BANGOR, Maine — An appropriations bill that includes a one-year pilot project exempting Maine highways from the federal truck weight limit passed decisively Thursday through the U.S. Senate.

The experiment would allow trucks weighing more than 80,000 pounds and up to 100,000 pounds to travel Interstate 95 between Augusta and Houlton. Such heavy trucks heading north now are forced off the interstate in Augusta onto secondary roads that travel through cities and towns, raising concerns about safety and road wear and tear.

The U.S. House version of the appropriations bill that previously passed did not include the pilot project provision, but its author in the Senate, Sen. Susan Collins, was hopeful that her proposal would be included in the final bill.

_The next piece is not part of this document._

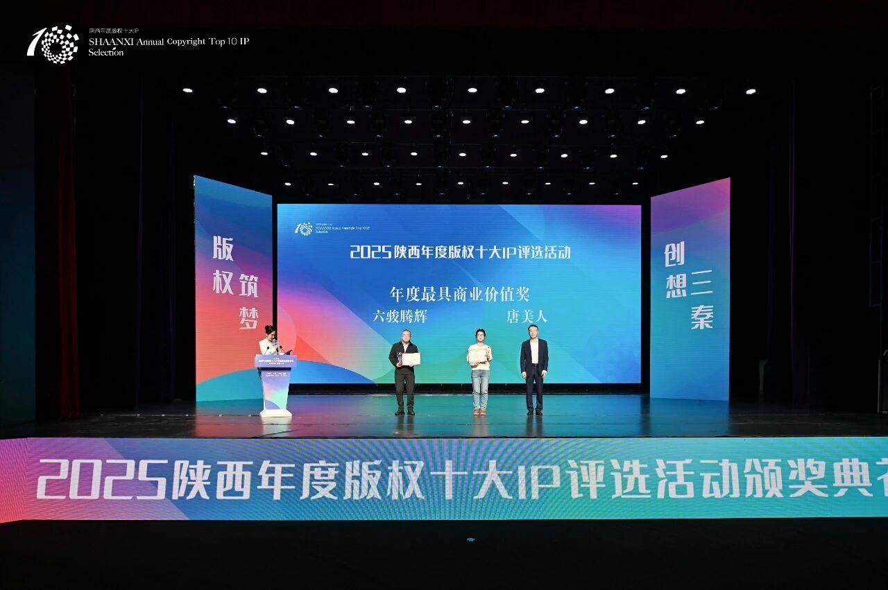 本次評選由陜西省版權(quán)局指導(dǎo),陜西省版權(quán)協(xié)會、陜文投集團、陜西日報社共同主辦,是陜西省版權(quán)產(chǎn)業(yè)領(lǐng)域的一項重要權(quán)威評選。活動歷經(jīng)資質(zhì)審核、綜合評審、網(wǎng)絡(luò)投票、現(xiàn)場答辯四輪嚴格篩選,最終評選出22個獲獎項目?!读E騰輝》憑借其深厚的文化內(nèi)涵與卓越的市場轉(zhuǎn)化能力,成為本次評選中商業(yè)轉(zhuǎn)化類IP的典型代表。

“It is very unfortunate that the House version does not include this,” Collins said Thursday afternoon in a telephone interview from her office in Washington, D.C. “But I’m going into conference with great Senate language, and I’m hopeful I can convince House members to support this.”

Now that both the House and Senate have approved appropriations bills for the federal departments of Transportation, Housing and Urban Development, representatives from each chamber’s committees will meet in conference to settle any differences. Sen. Collins said she would be a part of that process, which could begin as early as next week.

Ed Gilman, spokesman for U.S. Rep. Michael Michaud, said the congressman worked hard to get the pilot project included in the House bill but there was significant resistance. Instead, Gilman said Michaud was working on a more permanent solution to the truck weight issue with the House Transportation and Infrastructure Committee, which he sits on.

“The congressman is very supportive of the pilot project, which would be a great first step at addressing this issue permanently,” Gilman said.

Technically, an appropriations bill needs to pass before Oct. 1, the start of the federal government’s 2010 fiscal year, but Collins said that hardly ever happens. If the approved bill includes the pilot project, it would begin the day the bill passes.

Sen. Olympia Snowe, R-Maine, also voted in favor of the pilot project on Thursday.

“This is an issue of safety,” Snowe said in a statement. “For too long we have been forcing freight haulers to move their trucks onto state and local roads that were not constructed with these vehicles in mind. As a result, pedestrians are endangered as they cross local roads or travel along rural roads.”

Maine Gov. John Baldacci praised Thursday’s vote.

“Approval of Senator Collins’ one-year project is an important step in the long and hard-fought efforts to bring common sense to the truck weight limit issue for Maine,” the governor said in a statement.

The U.S. Department of Transportation first notified Maine officials in 1994 that heavy trucks on interstates violated federal requirements. Collins and other members of the state’s congressional delegation have been working since to change the law, which sets the weight limit at 80,000 pounds.

John Diamond, chair of the Bangor Region Chamber of Commerce board of directors, said weight limits harm Maine business.

“We’re convinced that the data that will come out of this pilot project will show that this should be a permanent change,” Diamond said. “It will have significant economic, safety and environmental benefits for Maine.”

Other groups, such as the Maine Association of Police and Associated Builders and Contractors of Maine, have strongly supported the truck weight pilot project.

Collins said truck weight limits have been a priority of hers for a long time.

“I believe as a resident of Bangor that this is potentially great news,” she said. “All of us remember the tragic death of the woman in Bangor who was hit by a large truck, so it’s a clear safety issue. But, also, our businesses and drivers are at a competitive disadvantage to those in bordering Canadian provinces who can deliver more goods.”